In "Deep Learning" book by Goodfellow, in section 5.5 Maximum Likelihood Estimation pdf, there is a following derivation step:
$\theta_{ML} = \arg\max_{\theta} \sum^m_{i=1}\log p_{model}(x^{(i)};\theta)$
Because the arg max does not change when we rescale the cost function, we can divide by m to obtain a version of the criterion that is expressed as an expectation with respect to the empirical distribution $\hat{p}_{data}$ defined by the training data:
$\theta_{ML} = \arg\max_{\theta} \mathop{\mathbb{E}}_{x\sim\hat{p}_{data}} \log p_{model}(x;\theta)$
I understand the rescaling by $\frac{1}{m}$ doesn't change argmax.
But how did it result in the expectation appearing there?
Could you write out the step(s) in between?
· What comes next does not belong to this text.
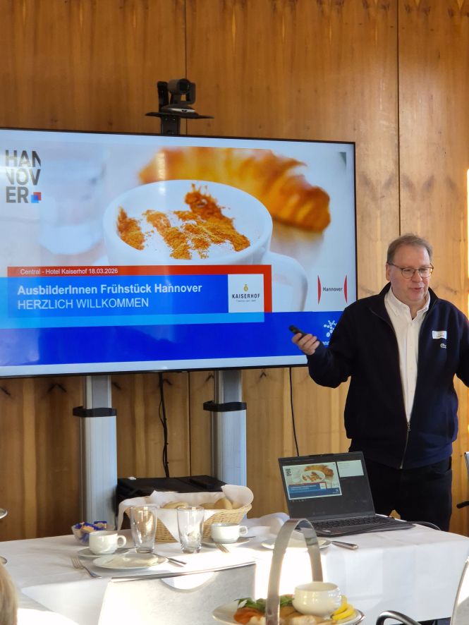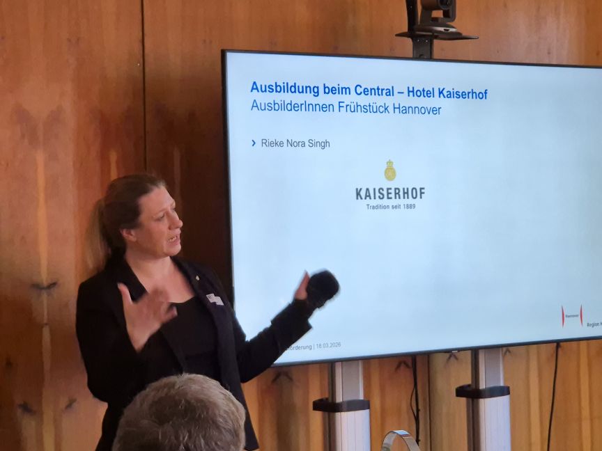 Beim Ausbildungsfrühstück 2026 begrüßten Bernd Lixfeld von der Wirtschaftsförderung der Landeshauptstadt Hannover und Gastgeberin Rieke Nora Singh vom Hotel Kaiserhof zahlreiche Ausbilder*innen und Personalverantwortliche.
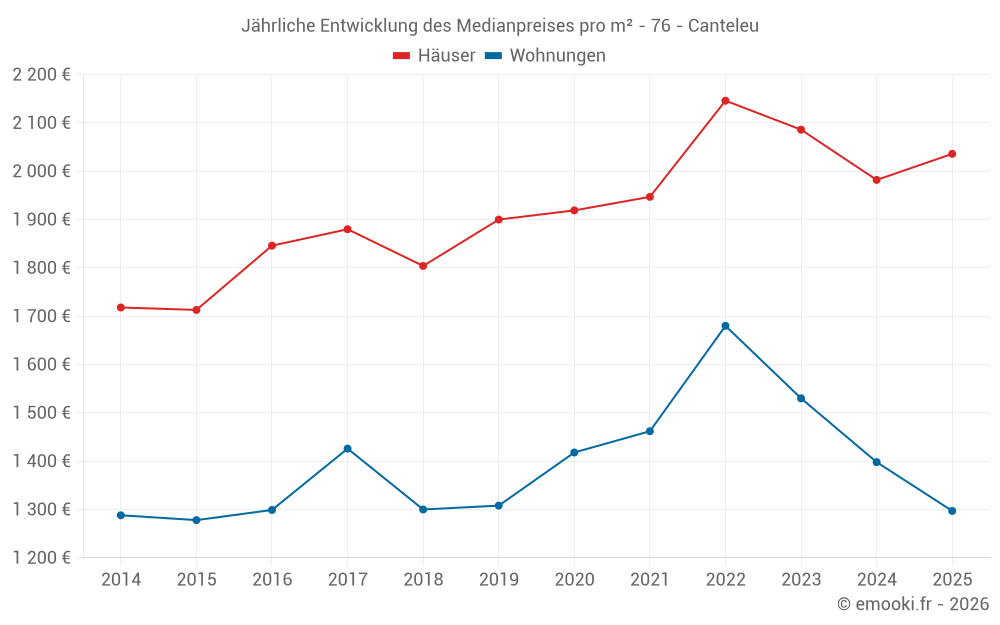 Der Durchschnittspreis auf den 48 Hausgeschäften der letzten 12 Monate in der Gemeinde Canteleu betrug 2 079 € pro Quadratmeter für einen mittleren Immobilienwert von 186 000 €. Über diesen Zeitraum hinweg lagen 60% der Transaktionen zwischen 1 810 und 2 575 € pro Quadratmeter (vom 2. bis zum 8. Dezil).

$\hat{p}_{data}$ is the empirical distribution that puts mass $\frac 1m$ on each training sample: $\hat{p}_{data} = \sum_{i=1}^m \frac 1m\delta_{x^{(i)}}$.
Thus $\mathop{\mathbb{E}}_{x\sim\hat{p}_{data}} \log p_{model}(x;\theta) = \sum_{i=1}^m \frac 1m\log p_{model}(x^{(i)};\theta)$.